Эта жизнь была по нем; он трудился до седьмого пота, выкладываясь, как мальчишка, когда, бывало, лежал пластом на скамейке в раздевалке; и снова от него требовалось знать, кто чем дышит, проверять всех и вся, расставлять по местам, присматривать, выслушивать, пересчитывать и сверять, все на коленке, все молчком, разговаривая только по необходимости, потому что слова так же давались с трудом и в кабинете и в гаме узаконенного разгула и в звенящей тишине перелеска у заброшенного шоссе за окружной дорогой, где только и можно было без боязни говорить с людьми, от которых зависели дела; а после, один в машине, он замирал, вдыхая крепкий, почти осязаемый запах леса — сырой земли, прелых листьев и росной свежести, и память властно возвращала к родным местам, к промытым улицам, к утренней дымке, повисшей над городом, к пойме реки и тренировочному лагерю в сосняке, прокаленном солнцем, к простору, к боям, к сильным минутам жизни, когда клочок земли с понастроенными заводами и узловыми станциями, да улицами, засаженными каштанами, был домом, а родиной — вся земля.

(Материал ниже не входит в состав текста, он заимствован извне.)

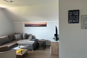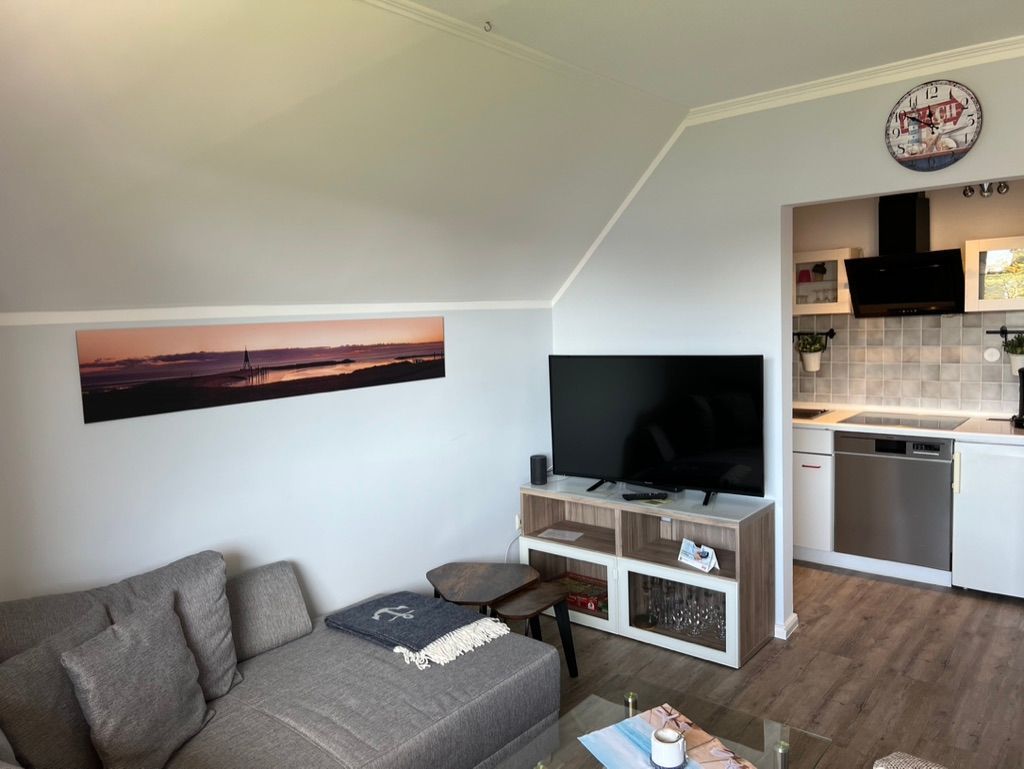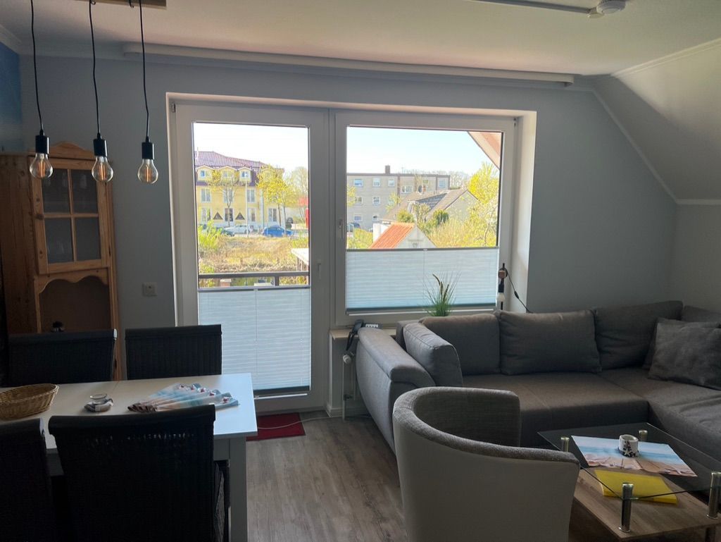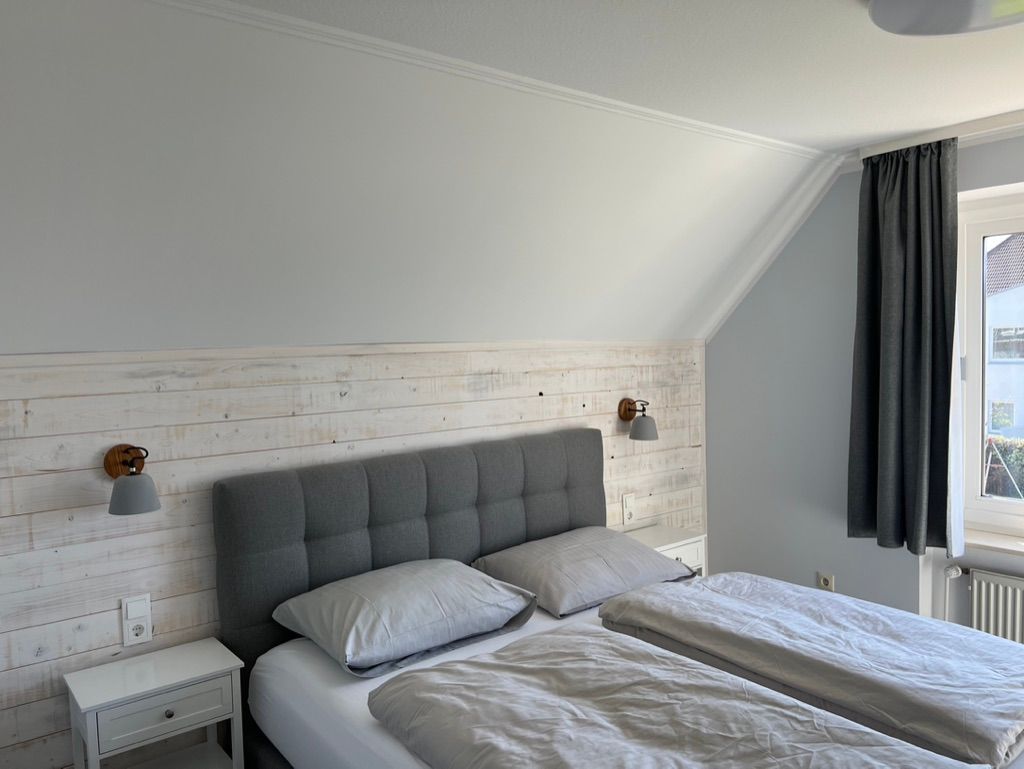 Sie wohnen in einer schönen, hellen, und gepflegten, 3-Zimmer Ferienwohnung im 1. Obergeschoss und im Dachgeschoss - über 2 Etagen mit Süd Loggia. Bestehend aus einem Wohnraum mit gemütlicher Couchgarnitur, Satelliten-HD-TV, Blue Ray Player, Radio, WLAN, separaten Essplatz mit 4 Plätzen und einem gut eingerichteten Küchenbereich mit Spülmaschine, Backofen, Kaffeemaschine, Toaster, 1 Schlafzimmer mit Doppelbett in der 1. Etage und weiteren Schlafzimmer im Dachgeschoss, sowie einem zusätzlichen Kinderzimmer mit einem Einzelbett / Kojenbett im 3. Schlafbereich, sowie dem Badezimmer/WC mit Dusche und Fön. Die optimale Nutzung der Wohnung ist für eine Familie bis zu 4 Personen vorgesehen.

А потом, таким же погожим утром он услыхал от человека, пересевшего к нему в машину то, что ожидал услышать раньше или позже: — Беги, Леня. Немедленно! Машину брось. И выбрось телефон. В доме у тебя обыск, найдут и контрабанду и наркоту. Партнер твой, Саша Серебро, застрелен при сопротивлении аресту, второй у нас, переписывает на правильных людей ваши бумаги. Розыскные карты в аэропортах на тебя выставят часа через четыре, если выставят. Советую лететь в Белград, оттуда сейчас не экстрадируют. Если хочешь черкнуть пару слов супруге, я подожду. Прощай. Ты хороший человек! Жаль, что так вышло.
II
Он не раздумывал над тем, каким будет свидание с городом — с прошлым, которыми и был город, — жившим своей жизнью после его отъезда и похорон отца (впрочем, четыре дня похорон и три недели, пока он продавал квартиру, в счет шли), и теперь со смешанным чувством тоски и удовлетворения увидел то, что и ожидал: упадок и разрушение, кирпичные фасады в трещинах, обвалившиеся балконы, листы железа и шифера, заграждения из крашенной сетки-рабицы, ржавые гаражи, сорную траву, там и сям выбившуюся из тротуара, просевшие бордюрные камни. Помнился заколоченный дом на кривом спуске за синагогой, оказавшийся Анатомическим театром женского медицинского института, сводчатая пустота и холод подвалов, где он, мальчишкой, искал местечко, более укромное, чем скамейки парков и подъезды — упадок и разрешение, созвучные неприкаянности, безденежью, юности, промозглым вечерам, когда и податься было некуда; но мысли бежать тоже не было, только неукротимое желание возмужать и одолеть жизнь, какой он представлял ее, благо, примеров было предостаточно.